The Taliban on Tuesday declared that no threat will be posed to any country from Afghanistan as the terrorist group took charge of the strife-torn country following a shockingly rapid collapse of its democratic government with the departure of most western troops.
“The Islamic emirate is pledging to all world countries that no threat will be posed to any country from Afghanistan,” Taliban spokesman Zabihullah Mujahid told reporters at their first press conference in Kabul in which he announced an Islamic government will be established in Afghanistan soon.
Claiming that there will be no discrimination against women, the Taliban spokesperson said they are committed to providing women their rights based on Islam. Women can work in the health sector and other sectors where they are needed, he said.
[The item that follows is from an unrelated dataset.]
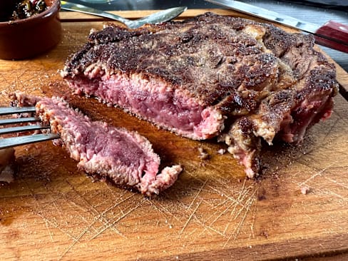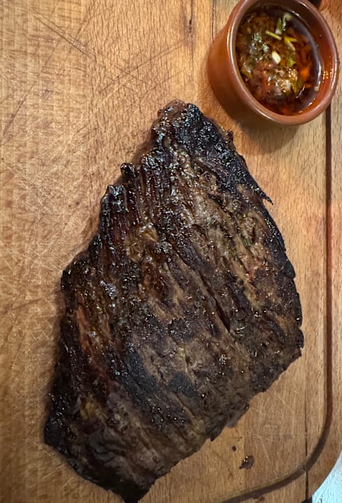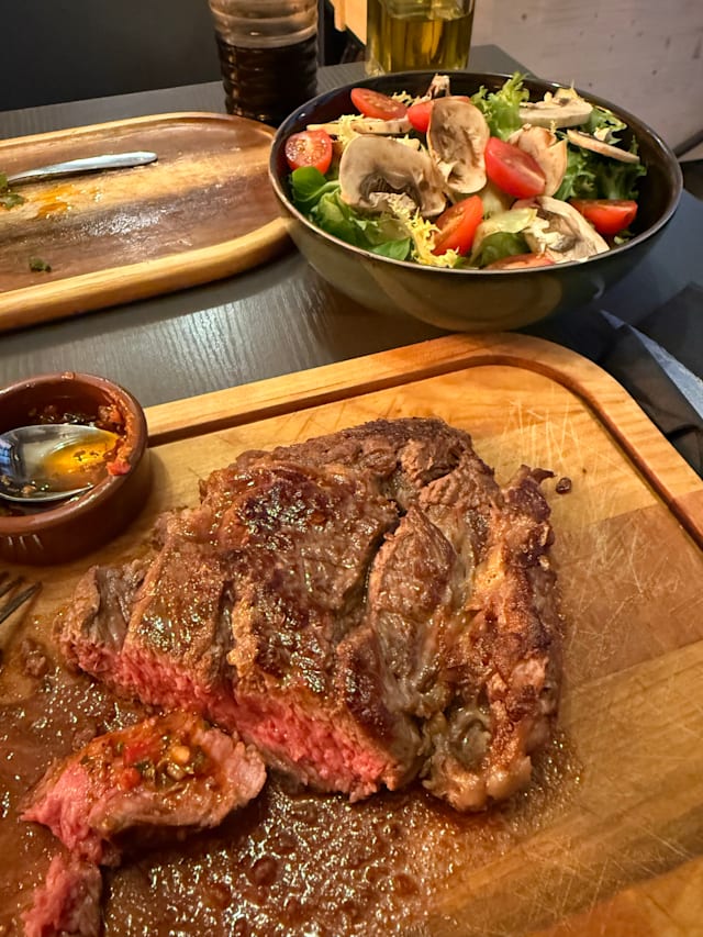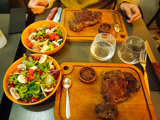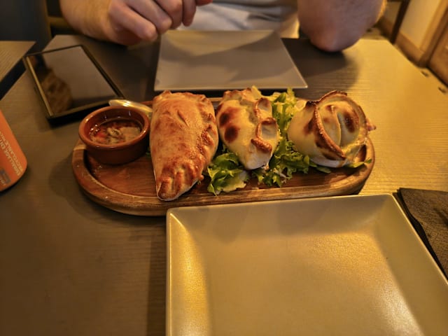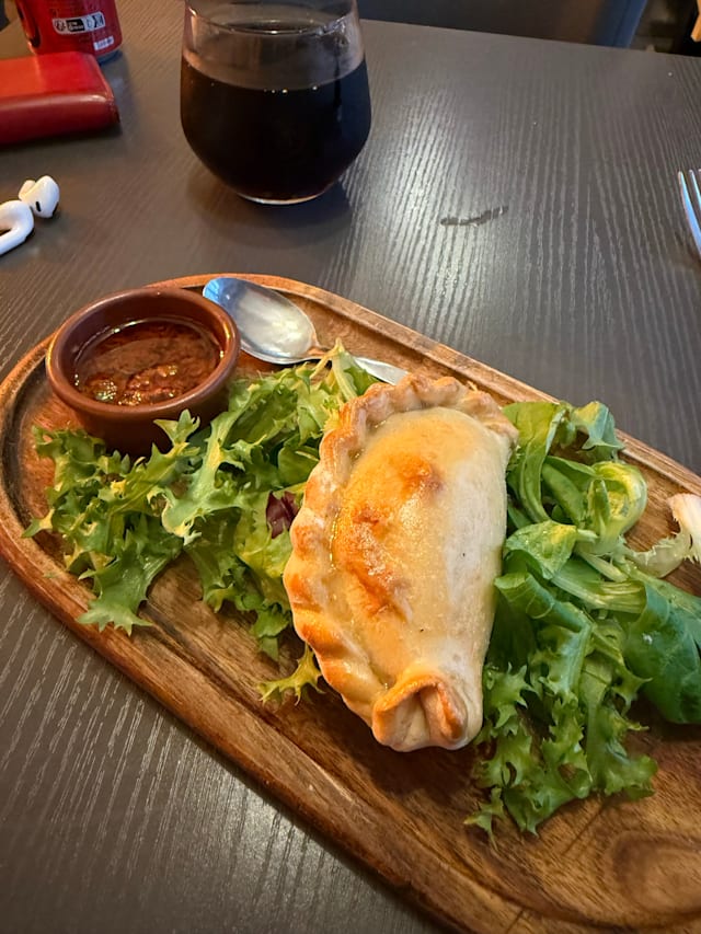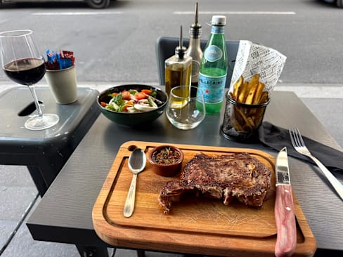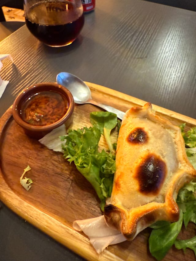 7.5/10Food was very good, but not spectacular. I got the cheese and onion empanada appetizer which was excellent and the highlight of the meal, but the entree only came with one, leaving me wanting to try the other two. The table next to me each got three served. The steak was cooked just right, but lacked any seasoning. I enjoyed it after adding a bit of salt and pepper that I had to request. The chocolate cake (almost like a cookie texture) with sauce had good flavor, however a little underwhelming for Paris. The server/owner was friendly, but service was a bit slow despite the few customers in this small establishment. My only real complaint was that there was a kitchen air conditioning vent loosely hanging out the window which was a bit noisy and blowing warm air on my legs at my table outside on the street. Other than that, it was an enjoyable meal.

Afghanistan’s first vice president Amrullah Saleh on Tuesday added a new twist to the ongoing crisis, claiming he is now the caretaker president after Ashraf Ghani fled the war-torn country. Citing the provisions of the Constitution of Afghanistan, Saleh said that the first vice president automatically becomes the caretaker president in the event of the president’s absence, escape or resignation.
Saleh has not accepted the takeover by the Taliban, saying he will never be under “one ceiling” with the Islamist fundamentalists.
On Sunday, Ashraf’s Ghani former deputy said he’ll never betray the “soul” and “legacy of my hero Ahmad Shah Masoud”, the late Afghan politician and military commander who fought against the Soviet occupation between 1979 and 1989.